Ему приснилось, что он снова студент и сидит в знакомой аудитории старого корпуса, где обычно читали лекции целому потоку. Он снова сидит за черной деревянной крашеной скамьей, сохранившейся, наверное, еще с тех времен, когда здесь была гимназия. В аудитории ставят опыт. Большой надувной глобус примерно полметра в диаметре, а может и больше — такой Сергей только раз видел в окне библиотеки — оклеен пленкой и рельсами игрушечной железной дороги. Глобус постепенно сдувается, пленка на нем морщится, рельсы наползают друг на друга и все это вызывает в душе какое-то нехорошее, жутковатое чувство. У доски, покрытой схемами и формулами, хлопочет доцент Эверсман — он быстро читает лекцию, бегая от одного конца к другому, стучит и шуршит мелом. Он так спешит и суетится, что Сергей не успевает конспектировать — да при этом еще и стержень в ручке, кажется, засох и расписать его никак не удается. Эверсман это видит и возмущенно кричит: "Почему, почему не пишете? Зачем сюда пришли? А ну давайте к доске! Все знаете — помогите мне! Помогите! Помогите!"
— Помогите... помогите мне... помогите...
Это уже не вуз. Это уже, кажется, и не сон. Темно — почти темно, только начинает светать, внизу узкая полка, вагон шатает и дергает.

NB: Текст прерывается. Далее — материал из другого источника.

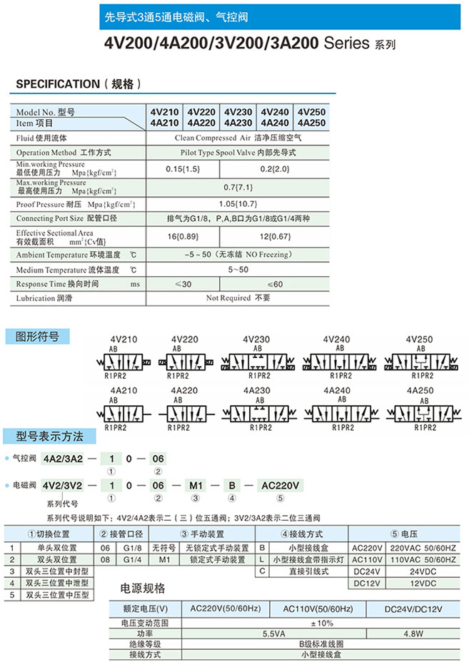 4A230-08,4A240-08,4A250-08,3A210-06,3A220-06,3A230-06,3A240-06,先導(dǎo)式3通5通氣控閥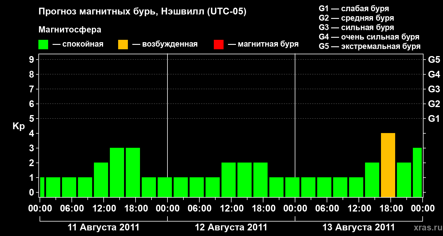 Прогноз магнитных бурь в Нэшвилле — 11 августа 2011 года
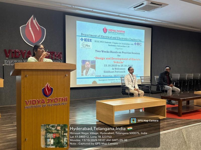 The session was graced by principal, Dr A.Srujana, who addressed the gathering with an inspiring speech, highlighting the importance of skill based learning and encouraging students to actively participate and make the most of this workshop. We were honored to welcome Mr. siddhant pattanaik, COO & Director, SKYY Skill Academy, as the guest of the day,who shared valuable insights on the future of Electric Vehicles.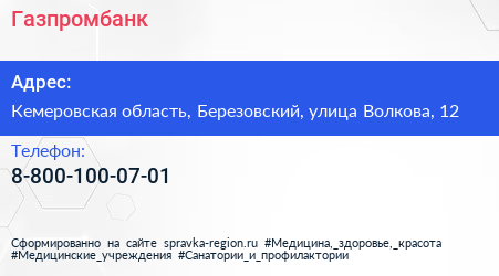 Газпромбанк по адресу Кемеровская область, Березовский, улица Волкова, 12 в дальнейшем Организация, размещена в следующих категориях: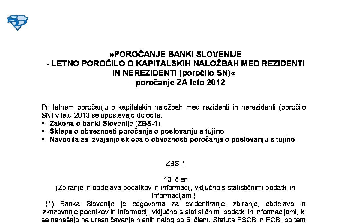 POROČANJE BANKI SLOVENIJE - LETNO POROČILO O KAPITALSKIH NALOŽBAH MED REZIDENTI IN NEREZIDENTI (poročilo SN) - poročanje za leto 2024 13.12.2024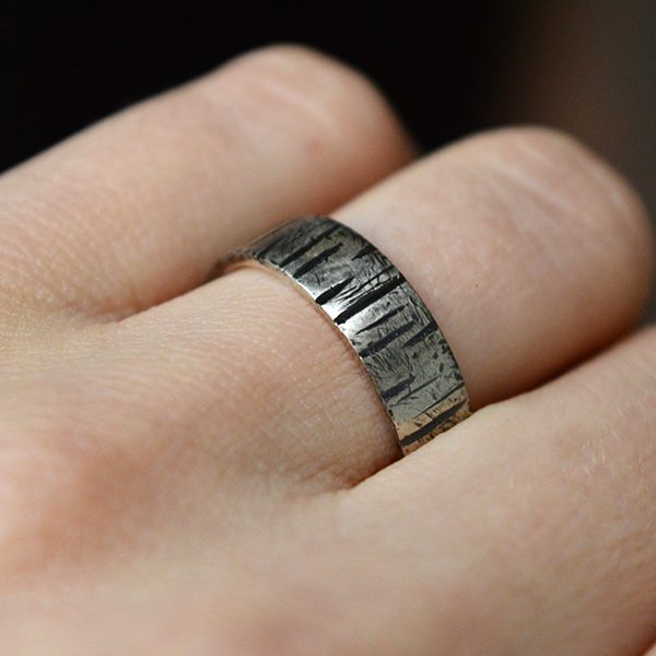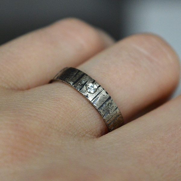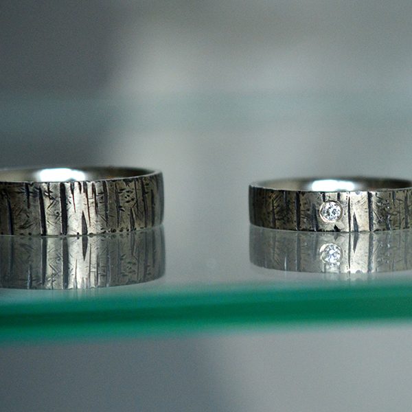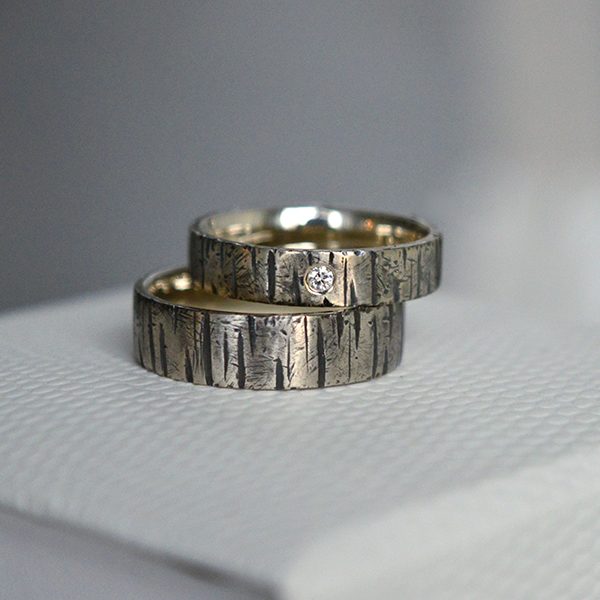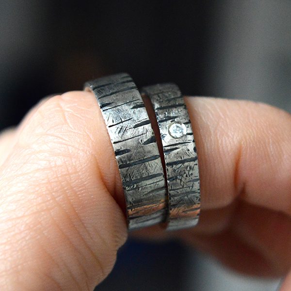 Rankų darbo vestuviniai žiedai sendinto stiliaus paviršiumi su komforto zona, dengti juodu rodžiu su aukštos kokybės deimantais (galimi ir kiti akmenys). Gamybos kaina apskaičiuojama individualiai pagal Jūsų matmenis.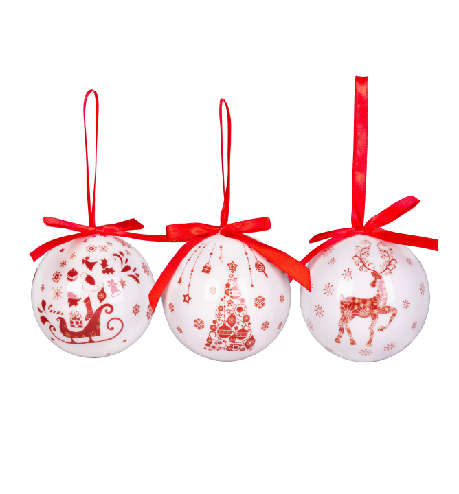 Charakteristika: Gule MagicHome s motívom stromčekov sú určené na slávnostné ozdobenie vianočného stromčeka. Balenie obsahuje 14 kusov. Priemer gule je 7,5 cm. Farba je červeno-biela. Gule sú nerozbitné.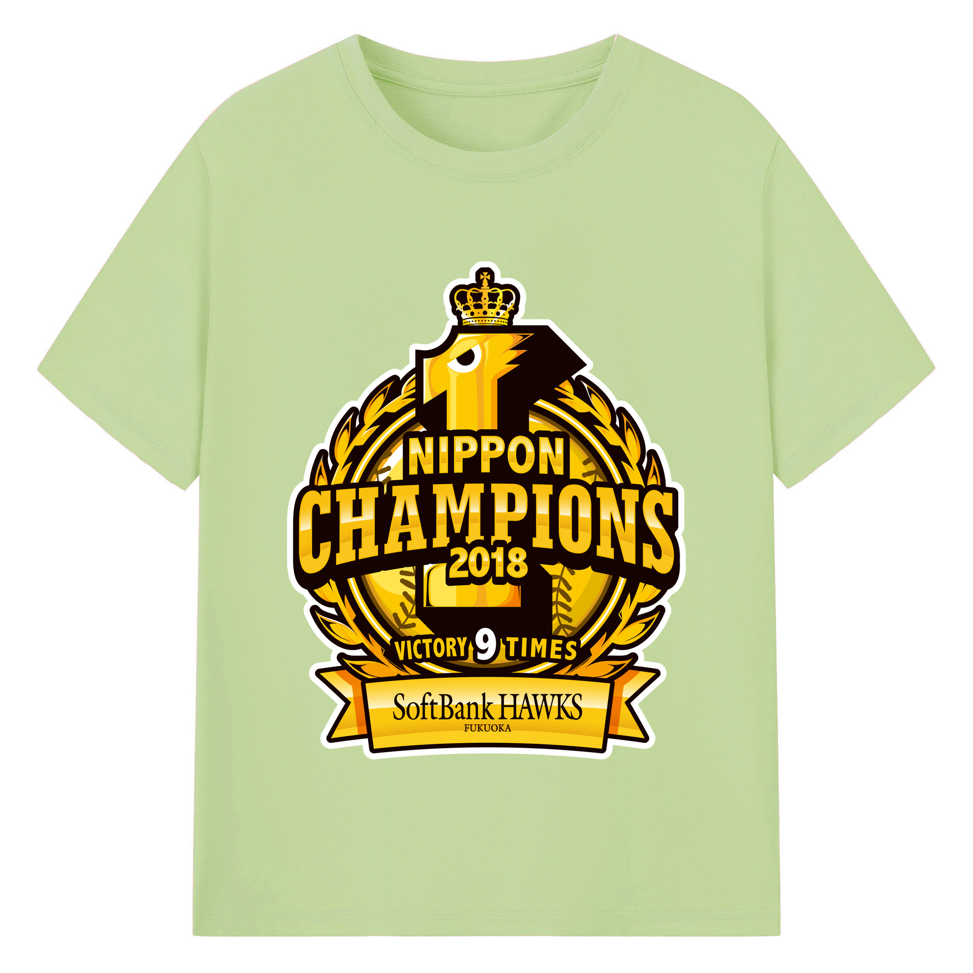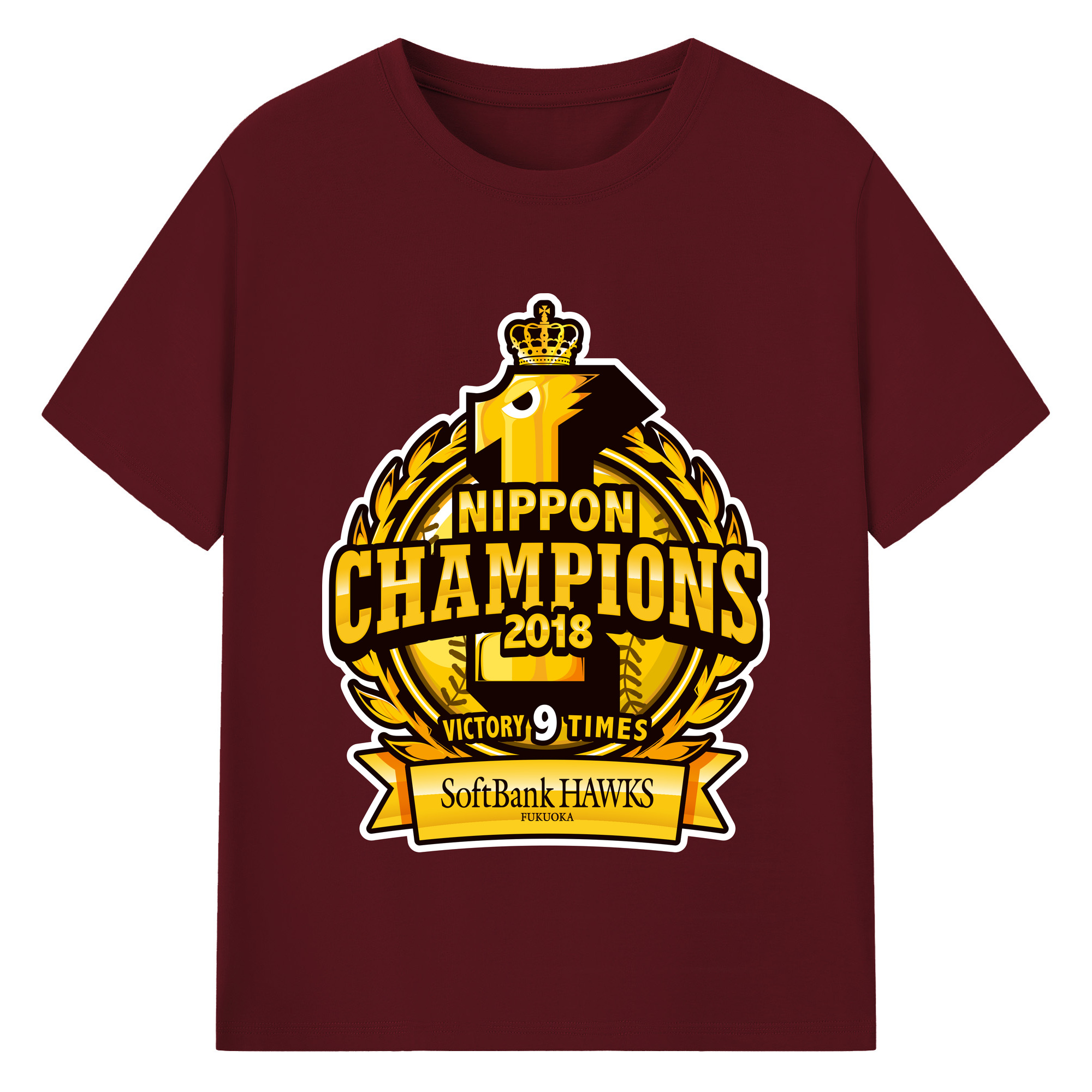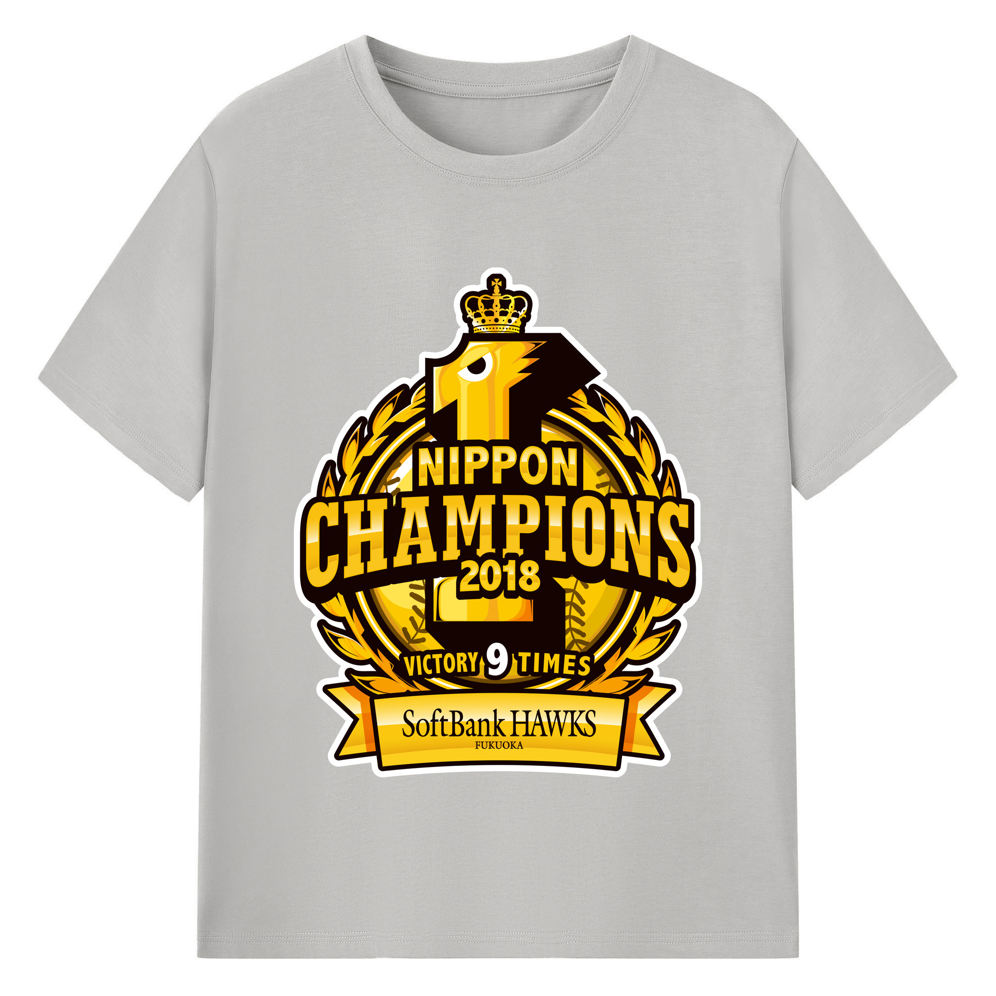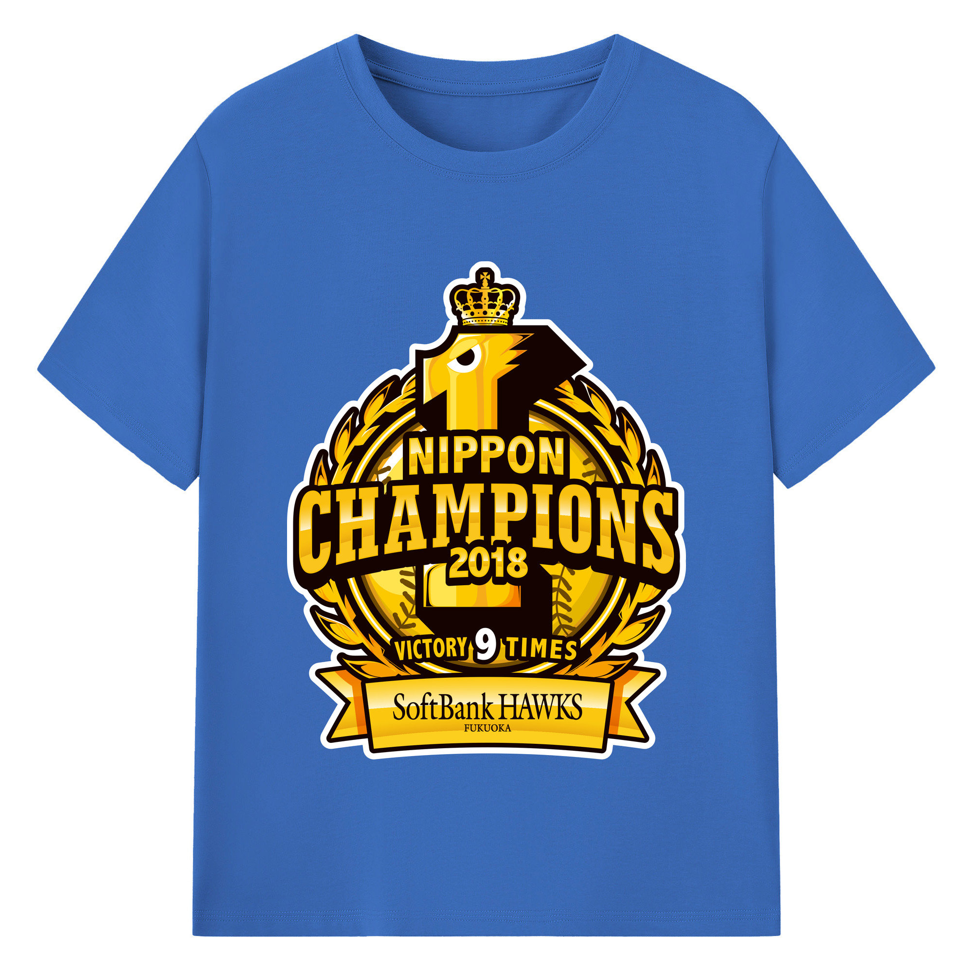 FUKUOKA SOFTBANK HAWKS 2018 NIPPON CHAMPIONS Logo - 綿100% 半袖Tシャツ ・ バックプリント ・ 快適 通気性 ・ 日常使い 散歩 スポーツ用

Откуда здесь Эверсман?
— Помогите.. помо...гите...
Это невнятно говорят за стеной.
Это невнятно говорят за стеной, кто-то несильно стучит в тонкую перегородку и возится. Ерунда какая-то. Но это не сон.
Что-то случилось.
6.
Впереди в полутьме он увидел полку, где ложился спать Яхонтов. Полка была пуста. Просто пуста, никакой постели. Он сразу же оглянулся назад, чтобы взглянуть на полку Розова. Сашки тоже не было, хотя раскрытая постель все-таки виднелась.
"Ч-черт..." Он двинулся вперед. За окнами чуть слышно ввахнуло, вспышка озарила пространство ниже не до конца опущенной шторы — поезд промчался мимо какого-то прожектора. В свете этой вспышки Сергей увидел на полу возле полки Геннадия что-то большое, длинное и белое, в человеческий рост. Сергей пригнулся, пробираясь к углу, где в тени затаился продолговатый хромированный нарост светильника для чтения. Щелкнул тумблер.
На полу под койкой Яхонтова валялся полусбитый матрас, на нем виднелась замотанная в одеяло Генкина фигура. Понятно. Сполз на пол с матрацем и не проснулся.
Опять возня за стеной.
— Помо... ммм... нет...
Шорох справа. Костяшка домино на столе от тряски и рывков доползла до края и свалилась.
"Надо будить".
— Что? Что случилось? Да елки ж, опять свалилось...
— Ты слышал?
— Что? — вслушавшись, Гена потянулся к стенке, чтобы постучать, но тут же отшатнулся; — Давай! — громким полушепотом бросил он Сергею уже на пути к двери салона.
В дверях они столкнулись нос к носу со входящим Розовым.
— Что там такое?
— Где?
— В боцманском.
— Я котел смотрел...
Последнее слово он произнес уже возле двери в боцманское. Сергей проскочил за ним и стал у другого конца двери лицом к коридору; еще не совсем проснувшись, он не совсем понимал, для чего это он так поступает... кажется, так делали в фильмах. Вытянув правую руку, он рванул на себя ручку двери. Она не поддалась.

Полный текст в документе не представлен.